#### Exercise
Print each line below verbatim, skipping every picture.

#### Provided data
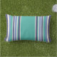 This outdoor lumbar pillow features vertical stripes of varying widths in turquoise, navy blue, cornflower blue, and off-white. An ideal summer pattern for patio or poolside.
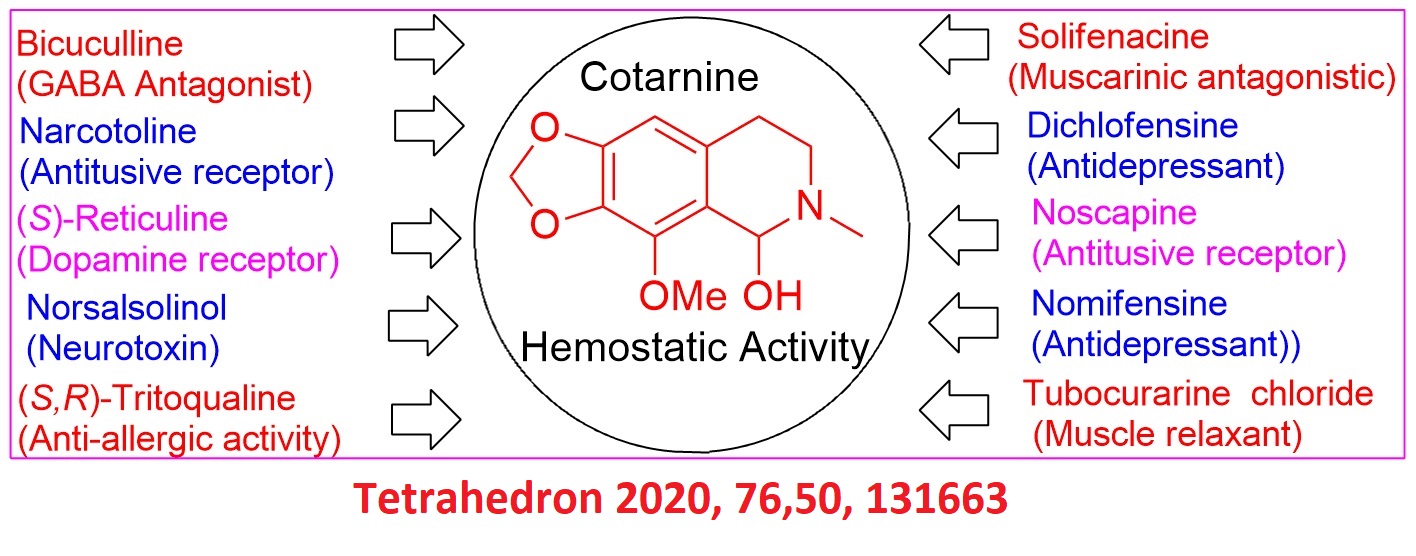 27. Developments in chemistry and biological application of cotarnine & its analogs, Sahu, S. K. Behera, P. K. Panda, S. Choudhury, P. and Rout, L. Tetrahedron 2020, 76,50, 131663. ; https://doi.org/10.1016/j.tet.2020.131663 (IF 2.8) |
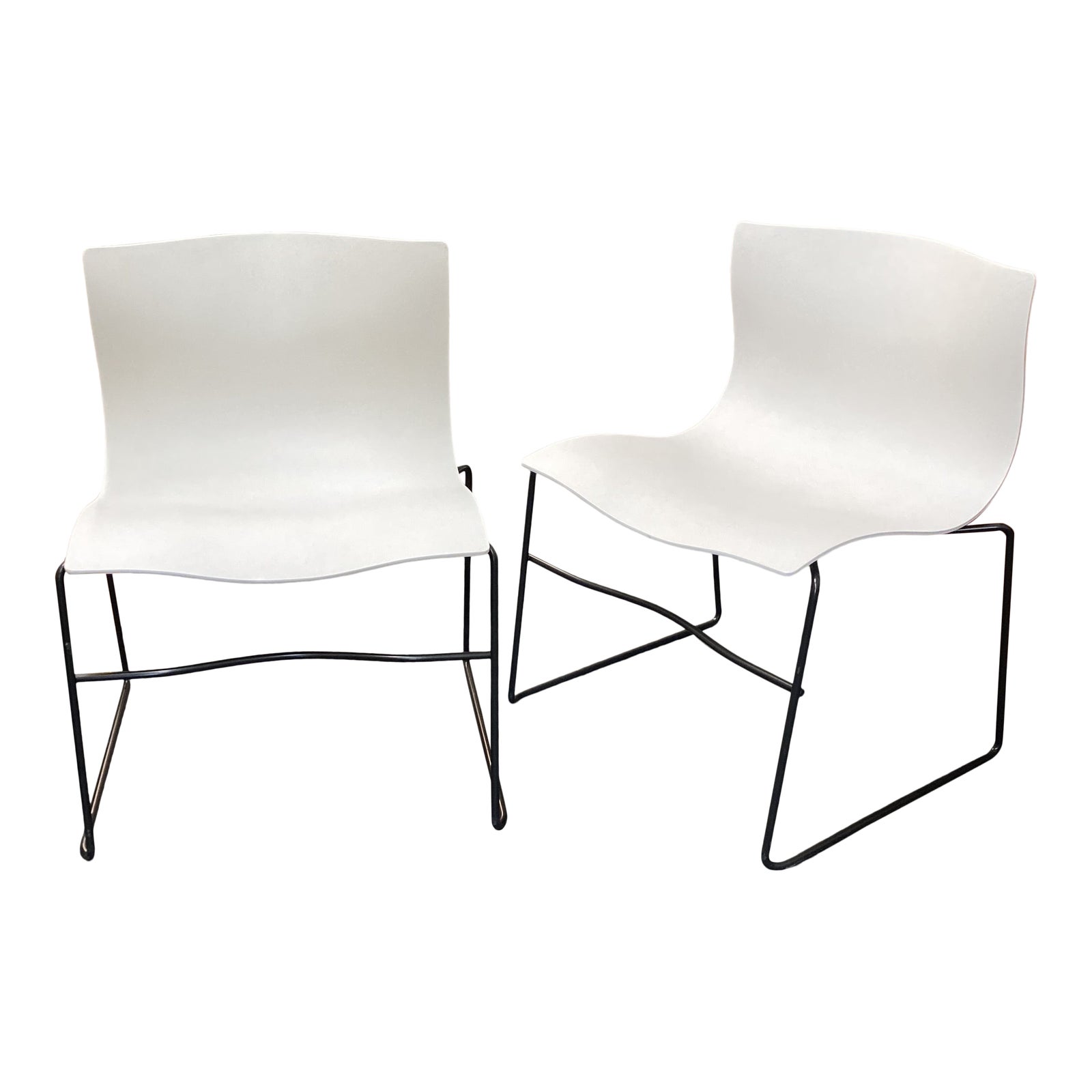 Design Plus Gallery presents a Pair of Handkerchief Chairs by Knoll. Designed by Lella & Massimo Vignelli in 1983. Vignelli Designs brought elegance and design to the too-often styleless high density stacking chair with Handkerchief. Intended to evoke the windblown contours of a handkerchief floating through the air, the generously scaled, ergonomically sculpted shell offers spacious comfort and ample support. The seat shell is compression-molded, fiberglass-reinforced polyester with a urethane paint in a white finish.The base is steel wire in a black finished. Made in USA by Knoll.
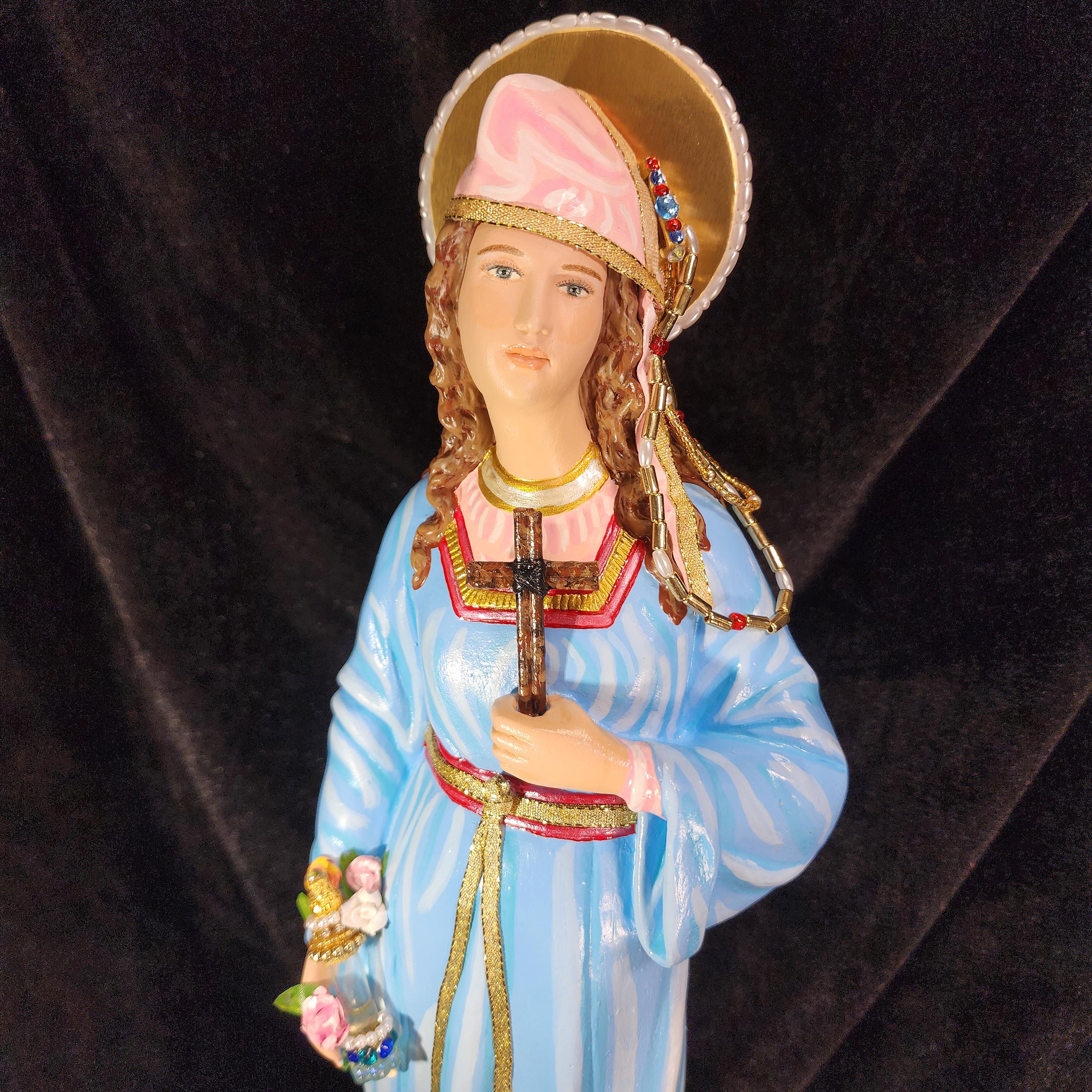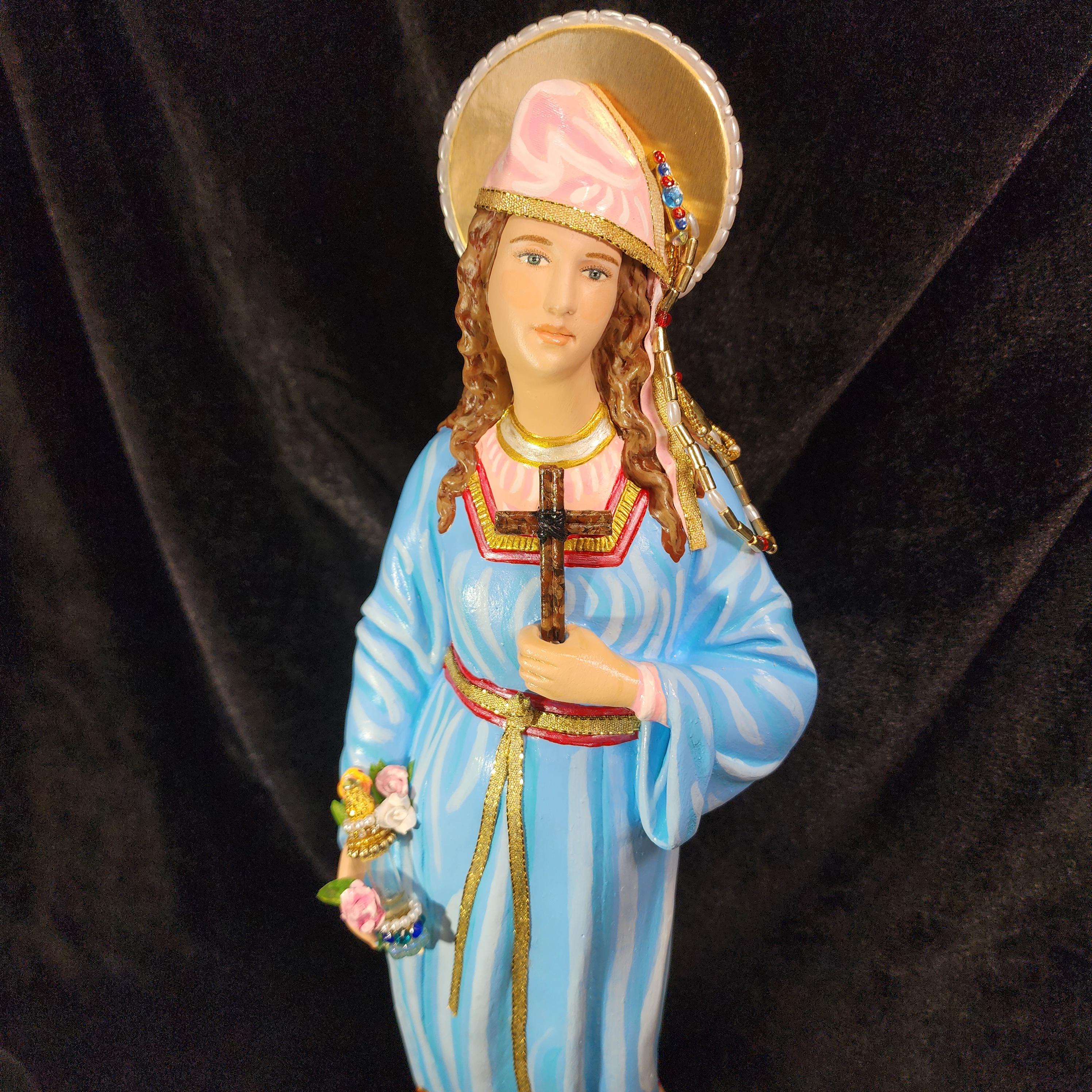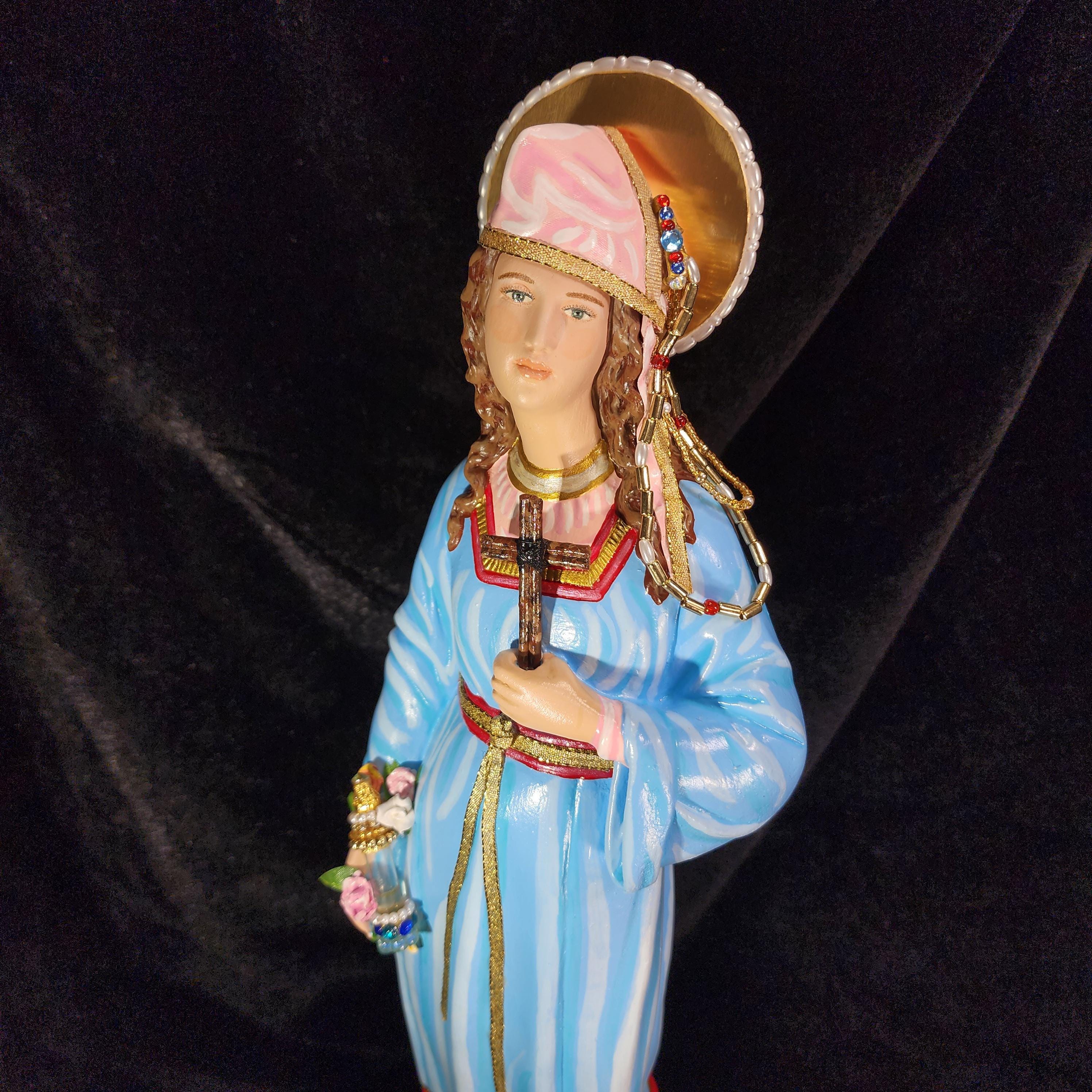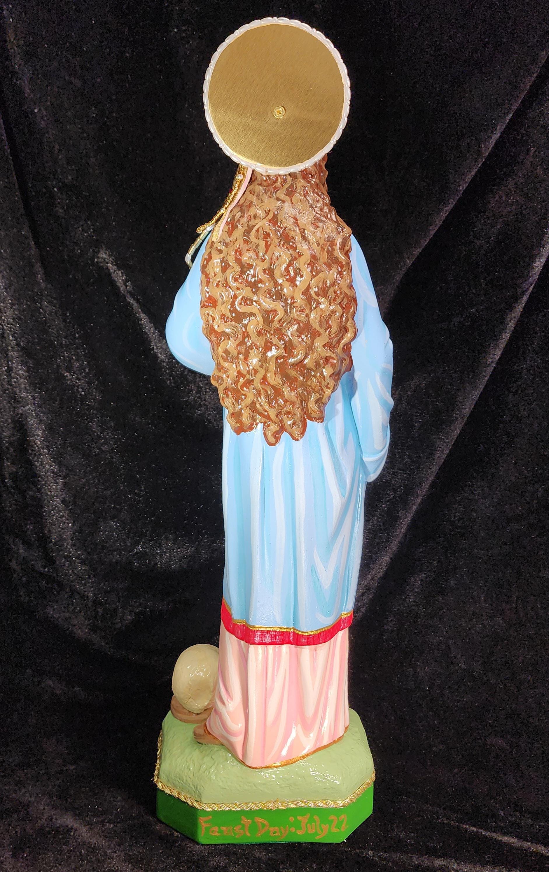This beautiful statue features an angelic hand painted face and details such as fingernails and eyelashes, cloth head dress, cloth flowers, jeweled vial of anointing oil in hand, cloth belt, wooden cross, Golgotha skull at feet, and golden halo.

#### Answer section
 This outdoor lumbar pillow features vertical stripes of varying widths in turquoise, navy blue, cornflower blue, and off-white. An ideal summer pattern for patio or poolside.
 27. Developments in chemistry and biological application of cotarnine & its analogs, Sahu, S. K. Behera, P. K. Panda, S. Choudhury, P. and Rout, L. Tetrahedron 2020, 76,50, 131663. ; https://doi.org/10.1016/j.tet.2020.131663 (IF 2.8) |
 Design Plus Gallery presents a Pair of Handkerchief Chairs by Knoll. Designed by Lella & Massimo Vignelli in 1983. Vignelli Designs brought elegance and design to the too-often styleless high density stacking chair with Handkerchief. Intended to evoke the windblown contours of a handkerchief floating through the air, the generously scaled, ergonomically sculpted shell offers spacious comfort and ample support. The seat shell is compression-molded, fiberglass-reinforced polyester with a urethane paint in a white finish.The base is steel wire in a black finished. Made in USA by Knoll.
This beautiful statue features an angelic hand painted face and details such as fingernails and eyelashes, cloth head dress, cloth flowers, jeweled vial of anointing oil in hand, cloth belt, wooden cross, Golgotha skull at feet, and golden halo.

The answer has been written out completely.